REQUIRED WORK:
Output all entries exactly; images excluded.

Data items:
= Beginning of Section =

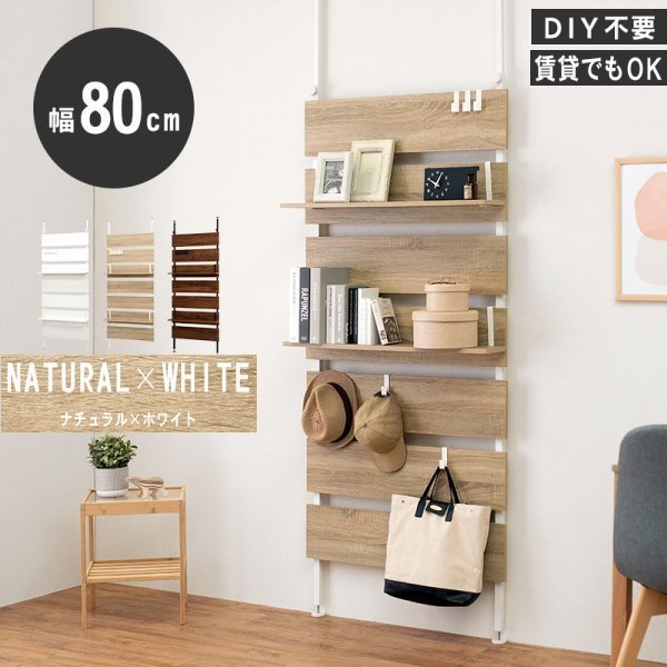 - 送料無料 突っ張りウォールラック KTR-3148 横幅80cm 壁面収納 穴あけ不要 賃貸住宅OK DIY不要 ナチュラル-ホワイト NA-WH
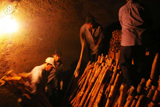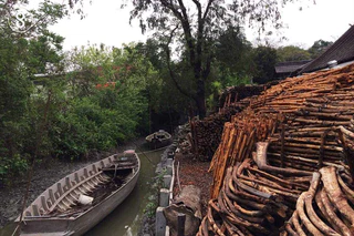 ไม้ทั้งหมดจะถูกลำเลียงลงเรือเพื่อถ่ายไม้มาไว้ที่โรงเตา ภาพที่เราจะเห็นทันทีเวลาไปเยี่ยมชมโรงเตาก็คือขบวนทิวแถวไม้โกงกางที่ตั้งตรงเป็นระเบียบเรียงรายหนาแน่นรอเวลานำเข้าเตาเผาซึ่งซ่อนตัวหลบตาอยู่ภายในโรงเตา
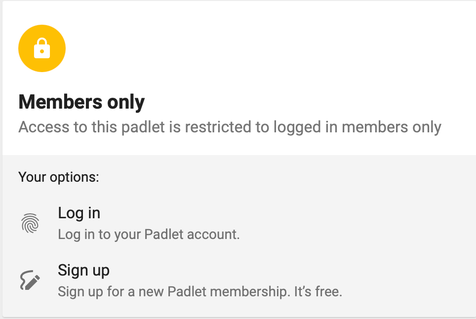 With the Members only privacy level, you can still share a link with anyone you want, but they need to have a Padlet account to access it. If they don't have a Padlet account, they can also sign up for one right away to gain access.
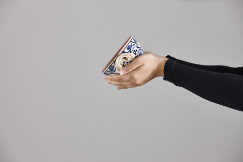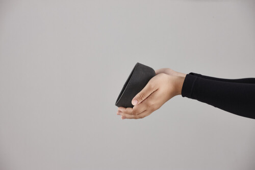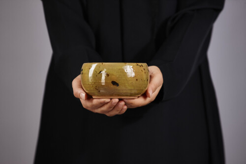 امرأة ترتدي عباءة سوداء تحمل أدوات فخارية مختلفة في أوضاع متعددة
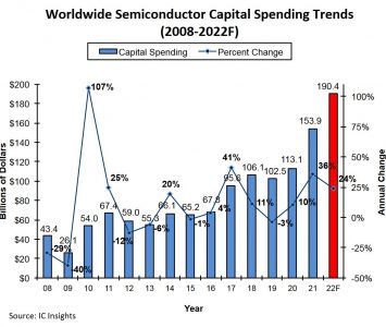 Les prévisions du cabinet d’études IC Insights font état d’une hausse de 24% des dépenses d’investissement (CapEx) en semi-conducteurs, pour…
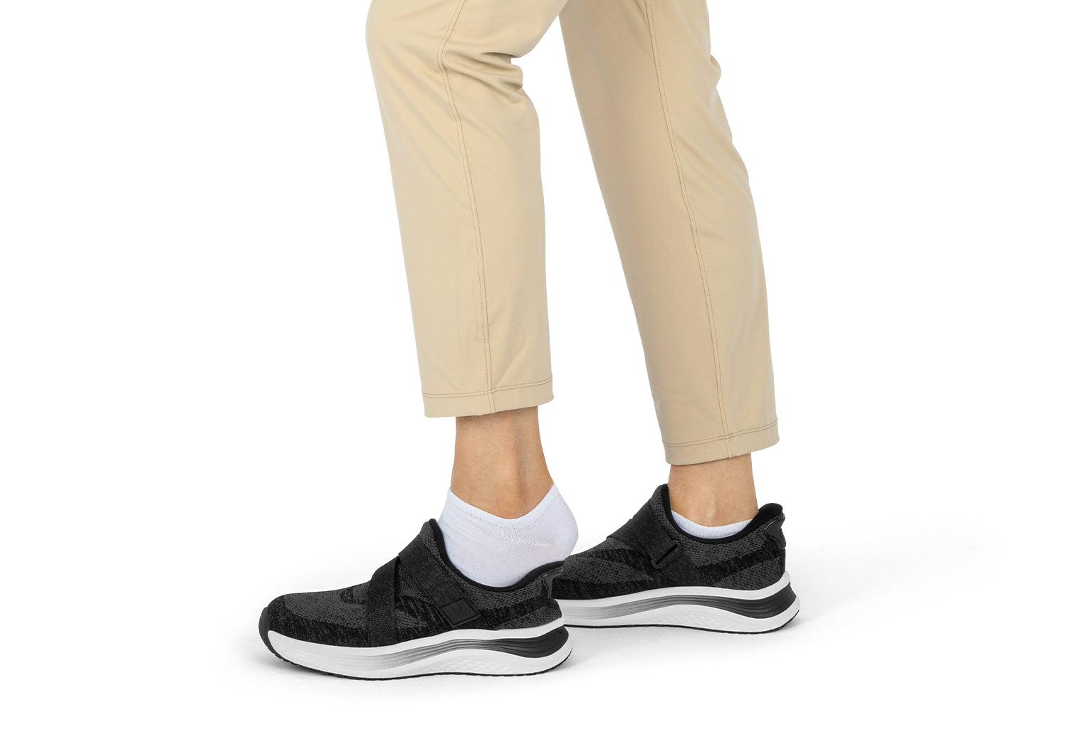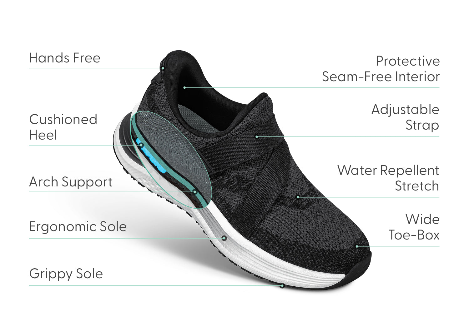 Patented slip-on technology – for hands-free on & off ease. Eliminates the need to bend over and use your hands. Our revolutionary heel design keeps footwear from slipping off unexpectedly when walking or running.
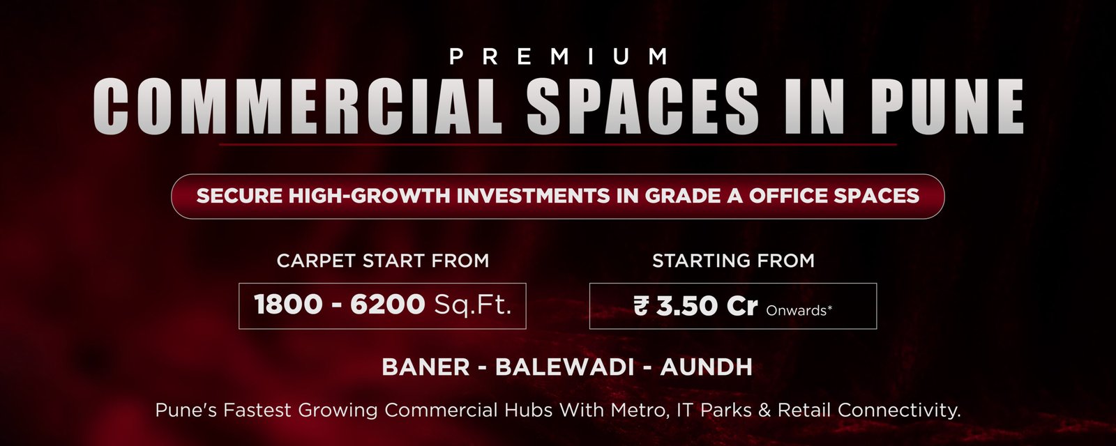 These developments feature world-class amenities, seamless connectivity, and future-ready infrastructure. Whether you’re looking for a compact office or a large corporate space, Pune offers the ideal destination to grow your business and elevate your brand presence.
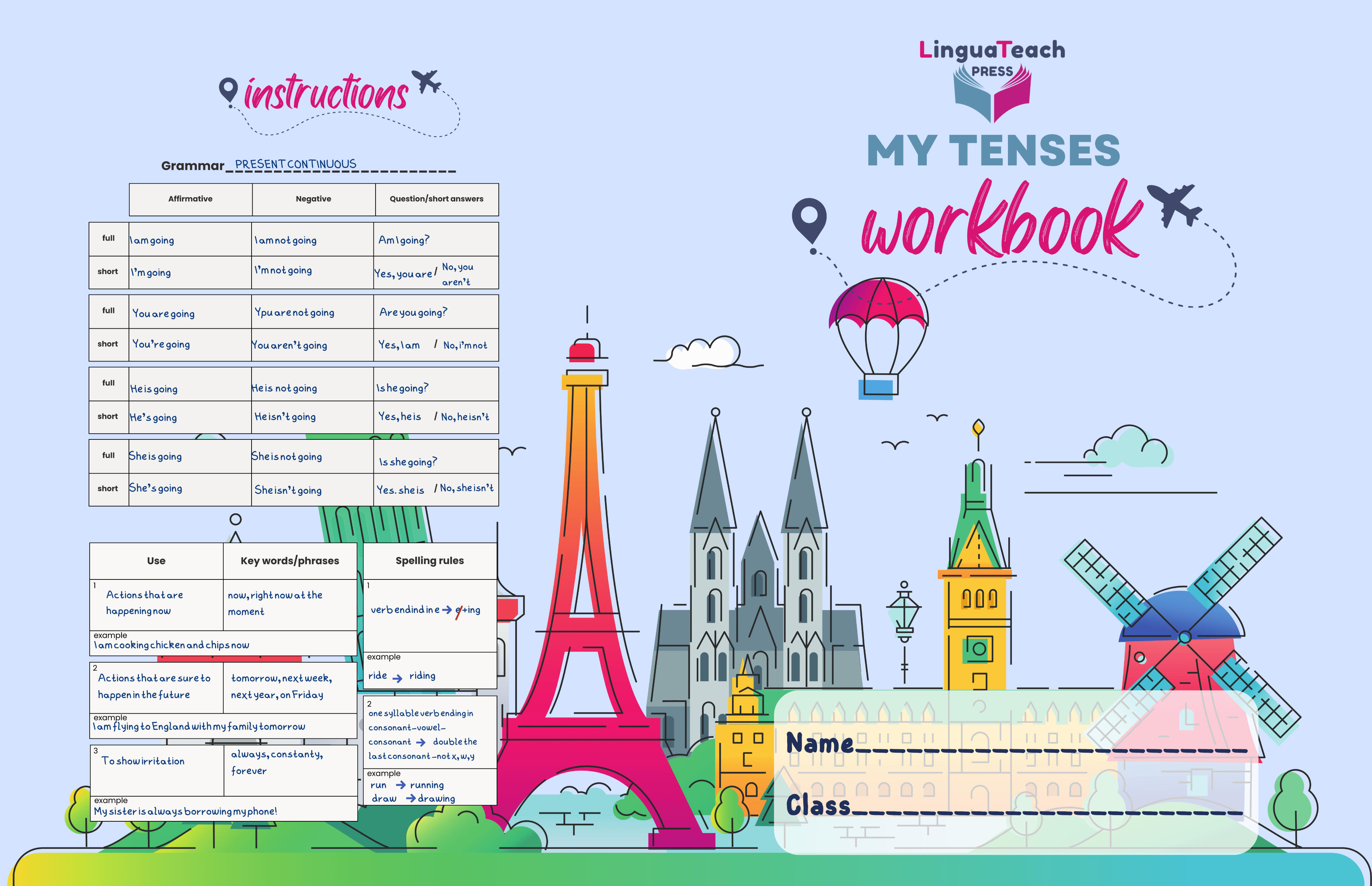 • 75 pages (36 practice spreads covering 12 major tenses)
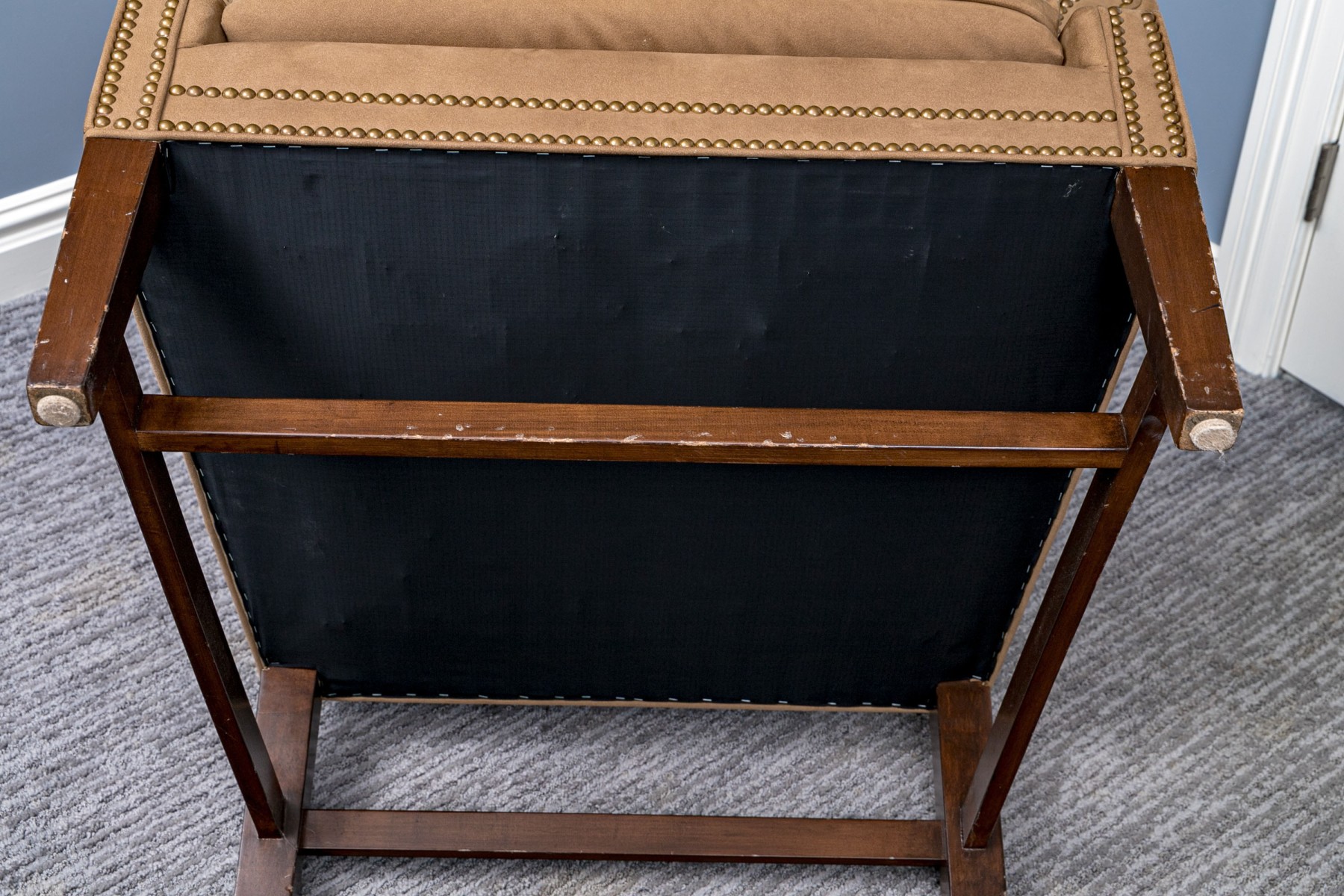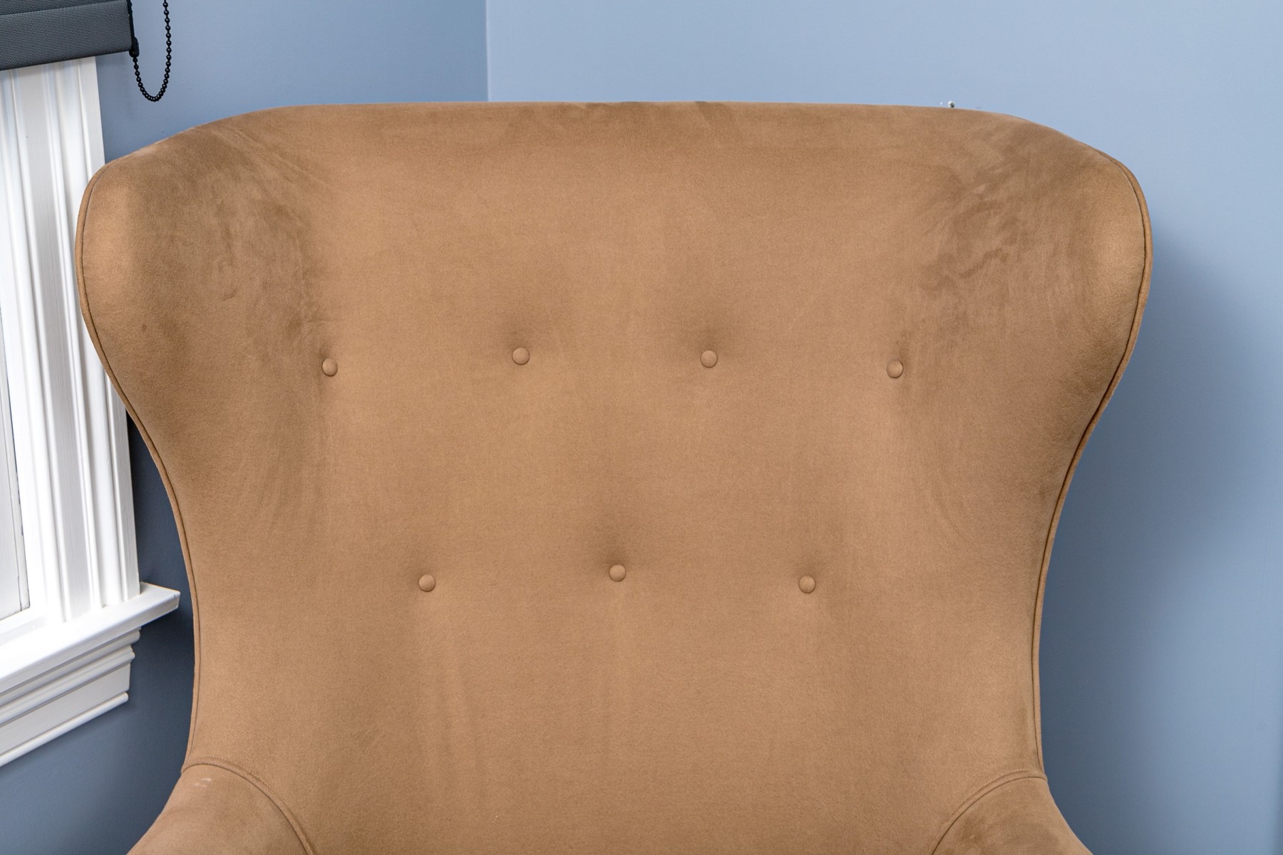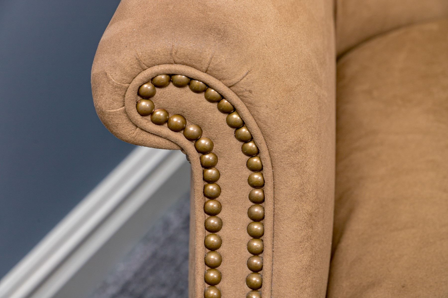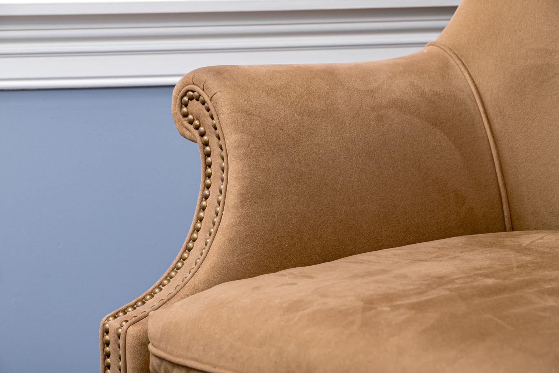 A handsome wingback chair, likely Wesley Hall "Heathcliff." Upholstered in light caramel brown suede for a luxurious feel. Features a wide button tufted back and scrolled arms with brass nailhead trims extending down the arm fronts and the apron. Raised on dark brown finished tapered legs surrounding a box stretcher.

= End of Section =

TASK ANSWER:
 - 送料無料 突っ張りウォールラック KTR-3148 横幅80cm 壁面収納 穴あけ不要 賃貸住宅OK DIY不要 ナチュラル-ホワイト NA-WH
 ไม้ทั้งหมดจะถูกลำเลียงลงเรือเพื่อถ่ายไม้มาไว้ที่โรงเตา ภาพที่เราจะเห็นทันทีเวลาไปเยี่ยมชมโรงเตาก็คือขบวนทิวแถวไม้โกงกางที่ตั้งตรงเป็นระเบียบเรียงรายหนาแน่นรอเวลานำเข้าเตาเผาซึ่งซ่อนตัวหลบตาอยู่ภายในโรงเตา
 With the Members only privacy level, you can still share a link with anyone you want, but they need to have a Padlet account to access it. If they don't have a Padlet account, they can also sign up for one right away to gain access.
 امرأة ترتدي عباءة سوداء تحمل أدوات فخارية مختلفة في أوضاع متعددة
 Les prévisions du cabinet d’études IC Insights font état d’une hausse de 24% des dépenses d’investissement (CapEx) en semi-conducteurs, pour…
 Patented slip-on technology – for hands-free on & off ease. Eliminates the need to bend over and use your hands. Our revolutionary heel design keeps footwear from slipping off unexpectedly when walking or running.
 These developments feature world-class amenities, seamless connectivity, and future-ready infrastructure. Whether you’re looking for a compact office or a large corporate space, Pune offers the ideal destination to grow your business and elevate your brand presence.
 • 75 pages (36 practice spreads covering 12 major tenses)
 A handsome wingback chair, likely Wesley Hall "Heathcliff." Upholstered in light caramel brown suede for a luxurious feel. Features a wide button tufted back and scrolled arms with brass nailhead trims extending down the arm fronts and the apron. Raised on dark brown finished tapered legs surrounding a box stretcher.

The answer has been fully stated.